Я отвечаю: «Прикажете, государь, и я танцевать стану!» – «Нет, не нужно», – милостиво ответил мне он. А тут вот это дело – суди эту сволочь, – уж где мне после вчерашнего-то дня!»
Но как бы то ни было, процессы эти велись как-то особо от хода всей судебной жизни и нимало на нее не влияли. Совершенно иначе стало дело с 6 декабря. Во-первых, оно пошло ускоренным путем, ибо к нему уже был применен возмутительный в процессуальном смысле порядок, по которому дознание уже не обращалось к следствию, а прямо вело к судебному рассмотрению, то есть ставило человека на скамью подсудимых без предварительного исследования его вины компетентными лицами и узаконенными способами. Этот порядок был принят по настоянию Палена, которому наскучило долгое производство следствий по политическим делам и которому Фриш указал на 545 статью Устава уголовного судопроизводства, по-видимому, воздержавшись от указания на то, что отсутствие следствия в общем порядке судопроизводства связано с обсуждением дела в двух инстанциях по существу и с обвинениями, не влекущими даже ограничения прав состояния; здесь же дело разбиралось в одной инстанции и могло влечь за собой даже смертную казнь. Тщетно боролся я против этого явного нарушения основных начал уголовного процесса. Когда никакие. словесные убеждения не помогли, когда Пален упорно стоял на своем, твердя на мои разъяснения, что нечего этим мерзавцам давать гарантии двух инстанций, и приказал, наконец, по уголовному отделению представить ему отношение к шефу жандармов относительно введения такого порядка, без сомнения для последнего очень желательного, – я написал ему письмо, в котором всячески доказывал вред и полную незаконность предполагаемой меры. Дня через два Пален, при моем докладе, сказал: «Я очень вам благодарен за ваше письмо, хотя я с ним все-таки не согласился и уже вошел в соглашение с шефом жандармов, но оно заставило меня еще раз обдумать вопрос, – быть может, я и неправ, но я вынужден на такую меру; все эти Крохты и Гераковы (члены палат, производившие следствие по политическим делам) надоели мне ужасно, я не хочу больше иметь с ними дела, а ваше письмо прикажу приложить к производству: пусть оно останется как след вашего протеста». Но я взял это письмо из дела и прилагаю к настоящей рукописи как один из многих знаков бесплодной борьбы за право и законность с этим тупым человеком.

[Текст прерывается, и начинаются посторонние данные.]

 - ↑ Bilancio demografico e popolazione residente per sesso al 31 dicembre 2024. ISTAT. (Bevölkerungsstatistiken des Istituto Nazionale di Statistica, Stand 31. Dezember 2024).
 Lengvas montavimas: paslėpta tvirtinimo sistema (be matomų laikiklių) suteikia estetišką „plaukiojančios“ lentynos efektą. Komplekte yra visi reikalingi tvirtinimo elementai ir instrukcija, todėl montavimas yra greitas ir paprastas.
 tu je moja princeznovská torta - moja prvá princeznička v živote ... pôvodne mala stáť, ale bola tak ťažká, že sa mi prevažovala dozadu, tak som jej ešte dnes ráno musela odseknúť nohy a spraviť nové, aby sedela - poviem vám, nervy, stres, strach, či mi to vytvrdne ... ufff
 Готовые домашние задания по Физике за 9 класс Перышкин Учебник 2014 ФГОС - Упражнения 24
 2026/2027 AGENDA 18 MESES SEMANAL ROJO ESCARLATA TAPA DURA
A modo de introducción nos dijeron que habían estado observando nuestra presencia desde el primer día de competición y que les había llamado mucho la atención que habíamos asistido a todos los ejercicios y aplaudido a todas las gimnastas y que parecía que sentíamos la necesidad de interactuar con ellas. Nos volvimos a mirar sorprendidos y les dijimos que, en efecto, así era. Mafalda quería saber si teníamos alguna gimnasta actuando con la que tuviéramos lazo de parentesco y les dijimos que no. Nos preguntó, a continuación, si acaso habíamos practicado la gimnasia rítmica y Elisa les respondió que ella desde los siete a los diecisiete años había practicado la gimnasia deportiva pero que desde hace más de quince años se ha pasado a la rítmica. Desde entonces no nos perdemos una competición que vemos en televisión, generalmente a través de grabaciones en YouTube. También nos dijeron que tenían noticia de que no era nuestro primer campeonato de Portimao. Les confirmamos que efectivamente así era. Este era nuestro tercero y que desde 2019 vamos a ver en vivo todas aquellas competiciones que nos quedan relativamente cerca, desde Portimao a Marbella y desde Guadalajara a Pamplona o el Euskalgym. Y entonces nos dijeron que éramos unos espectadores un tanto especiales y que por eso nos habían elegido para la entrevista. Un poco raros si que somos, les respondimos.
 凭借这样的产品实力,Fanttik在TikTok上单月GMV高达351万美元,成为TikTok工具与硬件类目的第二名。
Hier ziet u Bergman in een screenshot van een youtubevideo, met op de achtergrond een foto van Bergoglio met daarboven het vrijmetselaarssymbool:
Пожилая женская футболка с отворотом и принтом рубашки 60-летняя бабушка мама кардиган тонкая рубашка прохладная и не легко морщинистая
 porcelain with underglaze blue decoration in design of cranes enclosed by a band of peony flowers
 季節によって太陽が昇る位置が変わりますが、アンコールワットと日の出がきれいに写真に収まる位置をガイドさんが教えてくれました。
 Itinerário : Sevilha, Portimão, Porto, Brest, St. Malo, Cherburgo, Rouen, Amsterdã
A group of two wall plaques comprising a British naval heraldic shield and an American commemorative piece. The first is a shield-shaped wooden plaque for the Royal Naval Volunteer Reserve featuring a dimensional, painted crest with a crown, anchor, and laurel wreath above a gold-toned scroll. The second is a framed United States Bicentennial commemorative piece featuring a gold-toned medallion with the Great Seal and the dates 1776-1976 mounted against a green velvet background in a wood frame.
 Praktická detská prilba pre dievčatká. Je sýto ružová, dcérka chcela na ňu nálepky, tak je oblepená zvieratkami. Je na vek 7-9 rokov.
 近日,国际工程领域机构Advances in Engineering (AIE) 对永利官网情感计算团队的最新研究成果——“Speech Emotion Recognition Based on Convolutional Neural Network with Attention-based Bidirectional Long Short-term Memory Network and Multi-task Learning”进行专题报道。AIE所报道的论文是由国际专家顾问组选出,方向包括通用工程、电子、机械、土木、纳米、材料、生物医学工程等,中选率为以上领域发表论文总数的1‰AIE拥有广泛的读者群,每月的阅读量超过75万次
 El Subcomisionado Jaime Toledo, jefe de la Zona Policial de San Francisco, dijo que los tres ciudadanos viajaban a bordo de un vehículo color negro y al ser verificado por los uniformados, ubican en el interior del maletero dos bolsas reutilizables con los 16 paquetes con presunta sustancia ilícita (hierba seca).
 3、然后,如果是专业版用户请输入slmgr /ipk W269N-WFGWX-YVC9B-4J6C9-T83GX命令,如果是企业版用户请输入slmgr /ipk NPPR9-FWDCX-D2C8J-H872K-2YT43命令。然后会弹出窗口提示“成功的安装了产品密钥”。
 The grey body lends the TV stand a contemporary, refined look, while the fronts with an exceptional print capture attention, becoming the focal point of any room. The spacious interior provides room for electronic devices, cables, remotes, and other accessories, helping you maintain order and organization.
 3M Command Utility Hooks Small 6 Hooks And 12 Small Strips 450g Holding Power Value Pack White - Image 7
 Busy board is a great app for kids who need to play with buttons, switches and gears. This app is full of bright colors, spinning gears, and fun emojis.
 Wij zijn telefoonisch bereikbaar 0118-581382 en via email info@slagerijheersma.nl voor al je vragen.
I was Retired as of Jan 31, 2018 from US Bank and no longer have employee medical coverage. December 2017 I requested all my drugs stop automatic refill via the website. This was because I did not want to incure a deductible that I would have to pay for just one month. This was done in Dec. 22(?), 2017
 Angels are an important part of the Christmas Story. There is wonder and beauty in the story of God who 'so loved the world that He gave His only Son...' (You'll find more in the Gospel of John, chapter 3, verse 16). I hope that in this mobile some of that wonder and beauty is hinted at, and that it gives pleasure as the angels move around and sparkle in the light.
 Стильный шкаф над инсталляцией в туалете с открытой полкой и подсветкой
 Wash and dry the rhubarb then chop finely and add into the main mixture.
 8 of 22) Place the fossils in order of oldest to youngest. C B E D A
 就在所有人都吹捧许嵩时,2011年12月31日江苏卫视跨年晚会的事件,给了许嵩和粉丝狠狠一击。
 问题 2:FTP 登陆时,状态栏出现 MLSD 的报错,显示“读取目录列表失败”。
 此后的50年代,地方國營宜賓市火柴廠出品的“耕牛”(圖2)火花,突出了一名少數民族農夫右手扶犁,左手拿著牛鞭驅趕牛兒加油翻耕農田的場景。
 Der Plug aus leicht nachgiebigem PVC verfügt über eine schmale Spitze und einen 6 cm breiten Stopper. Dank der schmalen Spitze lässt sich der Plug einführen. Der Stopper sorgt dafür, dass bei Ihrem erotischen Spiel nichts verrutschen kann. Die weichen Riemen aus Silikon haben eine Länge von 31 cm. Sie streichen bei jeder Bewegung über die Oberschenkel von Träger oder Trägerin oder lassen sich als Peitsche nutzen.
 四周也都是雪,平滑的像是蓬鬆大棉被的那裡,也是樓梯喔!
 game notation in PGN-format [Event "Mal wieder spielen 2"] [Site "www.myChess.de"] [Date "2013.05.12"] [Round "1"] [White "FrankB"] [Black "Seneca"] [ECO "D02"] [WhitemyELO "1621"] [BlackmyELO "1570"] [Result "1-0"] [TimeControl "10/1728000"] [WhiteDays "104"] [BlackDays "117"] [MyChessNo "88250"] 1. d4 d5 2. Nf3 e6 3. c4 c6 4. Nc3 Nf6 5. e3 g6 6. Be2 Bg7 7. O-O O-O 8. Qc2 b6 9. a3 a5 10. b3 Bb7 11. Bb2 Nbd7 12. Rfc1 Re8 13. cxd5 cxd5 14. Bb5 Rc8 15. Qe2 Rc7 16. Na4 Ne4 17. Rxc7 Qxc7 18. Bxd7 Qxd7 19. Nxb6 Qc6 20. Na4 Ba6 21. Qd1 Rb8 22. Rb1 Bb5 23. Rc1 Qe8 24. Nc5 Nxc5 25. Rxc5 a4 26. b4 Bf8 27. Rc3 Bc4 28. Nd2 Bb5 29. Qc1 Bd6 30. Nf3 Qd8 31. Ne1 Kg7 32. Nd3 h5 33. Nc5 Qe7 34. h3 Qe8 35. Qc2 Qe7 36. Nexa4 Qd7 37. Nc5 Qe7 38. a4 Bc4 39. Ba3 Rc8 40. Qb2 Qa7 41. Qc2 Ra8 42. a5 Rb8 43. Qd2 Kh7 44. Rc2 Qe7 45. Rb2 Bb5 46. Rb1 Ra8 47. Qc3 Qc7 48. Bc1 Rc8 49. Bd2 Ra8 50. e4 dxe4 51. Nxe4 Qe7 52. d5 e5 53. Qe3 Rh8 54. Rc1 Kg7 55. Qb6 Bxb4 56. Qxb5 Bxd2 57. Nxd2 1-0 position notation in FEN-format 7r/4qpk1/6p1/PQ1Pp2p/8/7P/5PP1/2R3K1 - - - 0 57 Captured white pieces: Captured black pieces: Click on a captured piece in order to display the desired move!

Во-вторых, был назначен другой первоприсутствующий – Тизенгаузен, человек живой и энергичный, и дело было пущено уже в январе в зале заседаний окружного суда, при искусственно возбужденном интересе. Процесс окончился осуждением почти всех обвиняемых и в том числе в качестве главного виновного студента С.-Петербургского университета Боголюбова136, который был приговорен к каторге.
Процесс этот имел в числе своих последствий один трогательный эпизод. Вскоре по произнесении приговора, в числе прочих и над неким воспитанником Академии художеств Поповым, личностью весьма мало симпатичною во всех отношениях, присужденным к поселению в Сибири, ко мне явилась девушка калмыцкого типа, с добрыми, огромными навыкате черными глазами и румяным широкоскулым лицом – нечто вроде Плевако137 в юбке – и принесла письмо от секретаря цесаревича, в котором тот просил от имени цесаревича удовлетворить ходатайства гр-ки Товбич. Так звали эту девушку. Ходатайство состояло в разрешении обвенчаться с Поповым до его отправления в Сибирь, так как она желала следовать за ним в качестве жены. Просьба была настойчивая и слезная, и контуры стана просительницы показывали, что эта настойчивость имеет свои основания. Я обещал выхлопотать разрешение у Палена, который не допускал прокурора палаты самого разрешать такие вопросы и вместе с тем просил Оома написать ему официальное отношение. Но у Палена я встретил неожиданный и яростный отказ. Он кричал, что это «все – девки!», что он не намерен «содействовать разврату» и т. п. Пришлось утешать слабыми надеждами Товбич, которая трепетала, как птица в клетке, и овладеть Паленом путем нескольких периодических атак. Наконец, он сдался на то, чтобы родителям Товбич, жившим в Екатеринославской губернии, было написано о желании их дочери связать свою судьбу с политическим ссыльным и испрошено их разрешение на брак, в даче которого Пален сильно сомневался. Я сам написал местному исправнику конфиденциальное письмо и вскоре был получен ответ с подписью родителей, которые заявляли, что дочь их уже давно живет самостоятельной жизнью, и что они не желают вмешиваться в ее выбор.
Это не удовлетворило, однако, Палена; он потребовал, чтобы местный прокурор лично объяснился с родителями Товбич. Ввиду болезненного состояния ее матери прокурор объяснился лишь с отцом и донес, что последний, зная силу привязанности дочери к Попову, не только разрешает ей брак, но даже просит ему не препятствовать, и «покровительство разврату» совершилось в тюремной церкви. Года через два я получил от Товбич-Поповой письмо из Якутска, в котором она писала, что родила сына, что они живут с мужем счастливо и совершенно безбедно… Товбич начинала письмо словами: «В некотором роде памятный мне Анатолий Федорович», а кончила короткой припиской: «Сына моего я назвала Анатолием».
Вслед за процессом по казанскому делу слушался в феврале 1877 года процесс «50-ти», подготовленный в Москве и обнимавший разные группы обвиняемых, искусственно между собой связанные по существовавшему в Москве методу соединять однородные дела в одно, придавая ему громкое название вроде «дело червонных валетов» и т. д. По делу «50-ти» судебное следствие велось очень бурно. Обвиняемые делали разные заявления резкого свойства, судьи теряли самообладание…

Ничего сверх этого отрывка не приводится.